=== Material to process ===
==============================
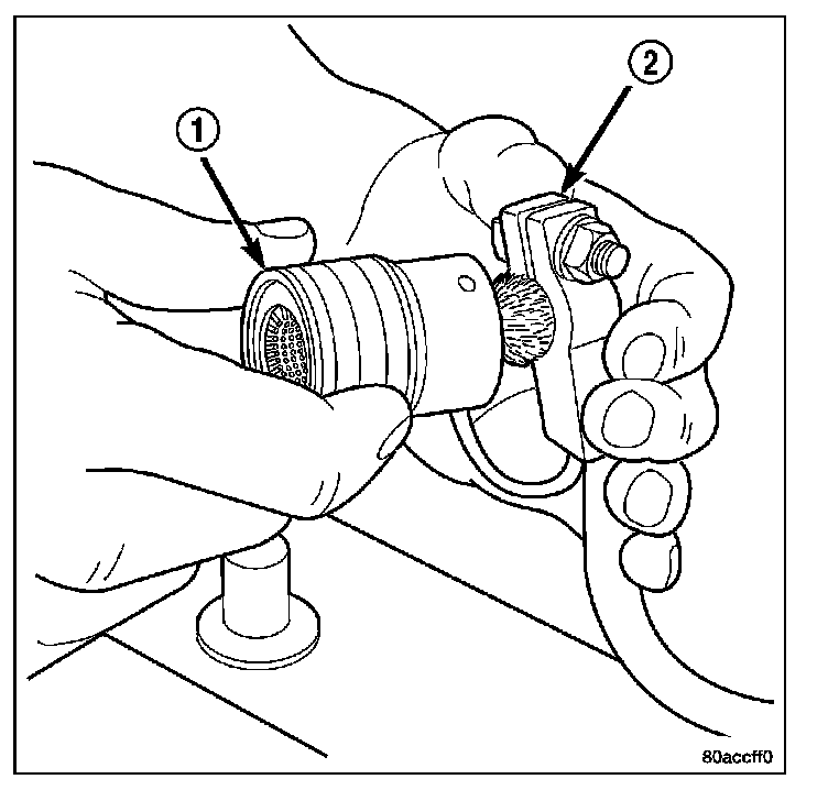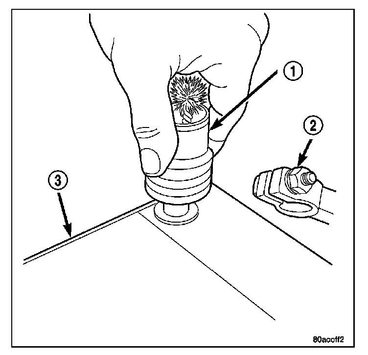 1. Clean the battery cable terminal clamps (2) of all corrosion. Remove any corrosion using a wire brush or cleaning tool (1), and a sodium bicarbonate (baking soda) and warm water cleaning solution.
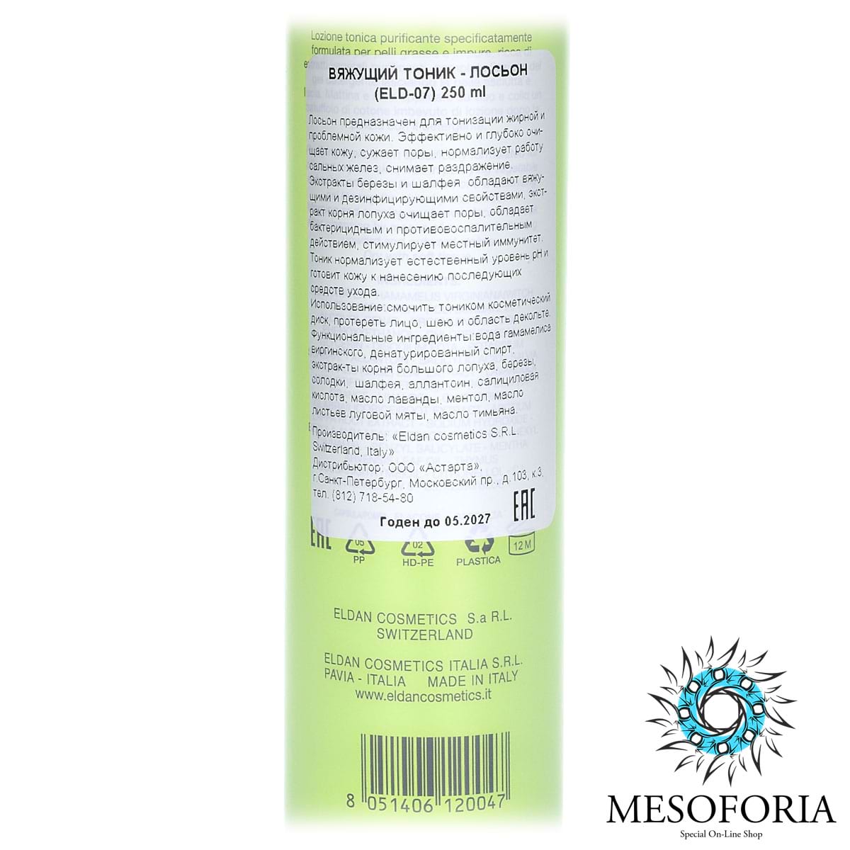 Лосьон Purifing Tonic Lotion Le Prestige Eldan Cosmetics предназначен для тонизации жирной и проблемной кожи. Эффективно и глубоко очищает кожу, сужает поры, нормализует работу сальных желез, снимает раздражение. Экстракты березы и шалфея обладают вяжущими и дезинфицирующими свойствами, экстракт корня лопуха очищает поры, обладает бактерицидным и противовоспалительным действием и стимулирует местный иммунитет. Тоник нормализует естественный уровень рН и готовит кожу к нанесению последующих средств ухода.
==============================
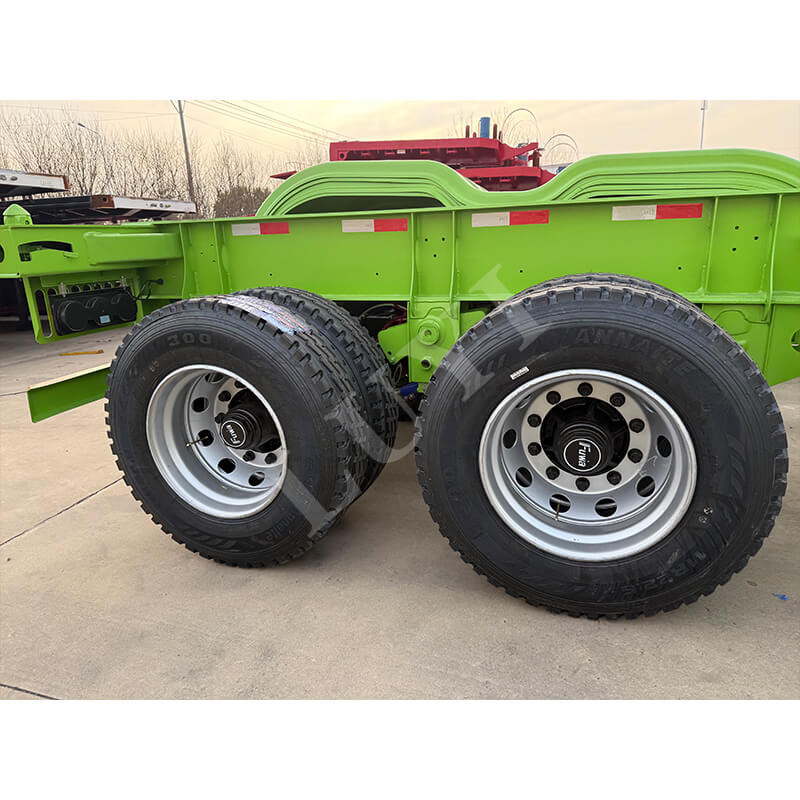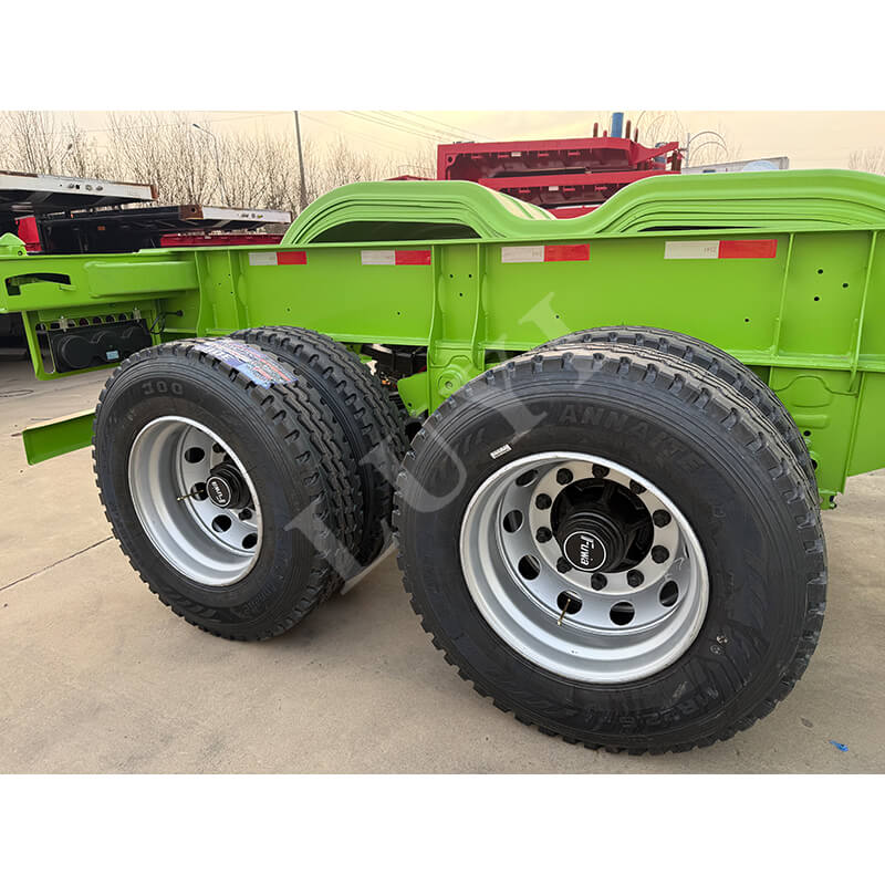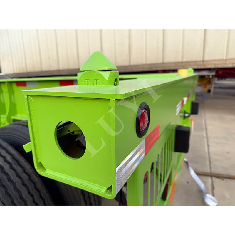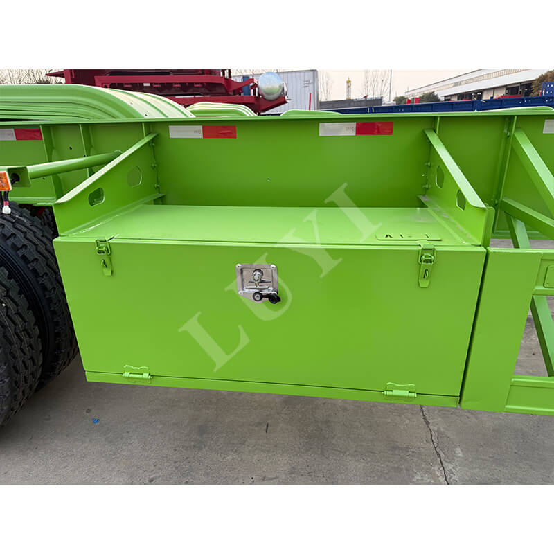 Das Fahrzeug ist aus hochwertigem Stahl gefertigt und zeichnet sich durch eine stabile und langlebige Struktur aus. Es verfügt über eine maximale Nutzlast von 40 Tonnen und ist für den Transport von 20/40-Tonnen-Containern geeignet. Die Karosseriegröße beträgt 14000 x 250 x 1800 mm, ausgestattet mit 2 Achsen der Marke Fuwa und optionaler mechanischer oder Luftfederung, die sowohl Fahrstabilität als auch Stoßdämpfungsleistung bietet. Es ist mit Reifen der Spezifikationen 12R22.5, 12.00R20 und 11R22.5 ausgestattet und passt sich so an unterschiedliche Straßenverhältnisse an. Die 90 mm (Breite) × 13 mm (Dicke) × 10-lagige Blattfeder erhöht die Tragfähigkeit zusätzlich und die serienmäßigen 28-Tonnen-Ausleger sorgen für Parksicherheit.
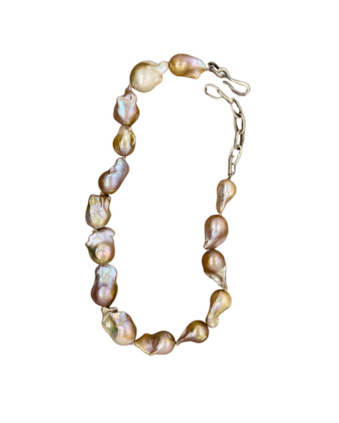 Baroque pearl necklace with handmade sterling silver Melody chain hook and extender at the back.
==============================
=== Problem to work on ===
Output exactly, and only, the lines of the entries above from the one with "Das Fahrzeug ist" up to and including the one with "Baroque pearl necklace"; pictures are to be left out.

=== Written solution ===
 Das Fahrzeug ist aus hochwertigem Stahl gefertigt und zeichnet sich durch eine stabile und langlebige Struktur aus. Es verfügt über eine maximale Nutzlast von 40 Tonnen und ist für den Transport von 20/40-Tonnen-Containern geeignet. Die Karosseriegröße beträgt 14000 x 250 x 1800 mm, ausgestattet mit 2 Achsen der Marke Fuwa und optionaler mechanischer oder Luftfederung, die sowohl Fahrstabilität als auch Stoßdämpfungsleistung bietet. Es ist mit Reifen der Spezifikationen 12R22.5, 12.00R20 und 11R22.5 ausgestattet und passt sich so an unterschiedliche Straßenverhältnisse an. Die 90 mm (Breite) × 13 mm (Dicke) × 10-lagige Blattfeder erhöht die Tragfähigkeit zusätzlich und die serienmäßigen 28-Tonnen-Ausleger sorgen für Parksicherheit.
 Baroque pearl necklace with handmade sterling silver Melody chain hook and extender at the back.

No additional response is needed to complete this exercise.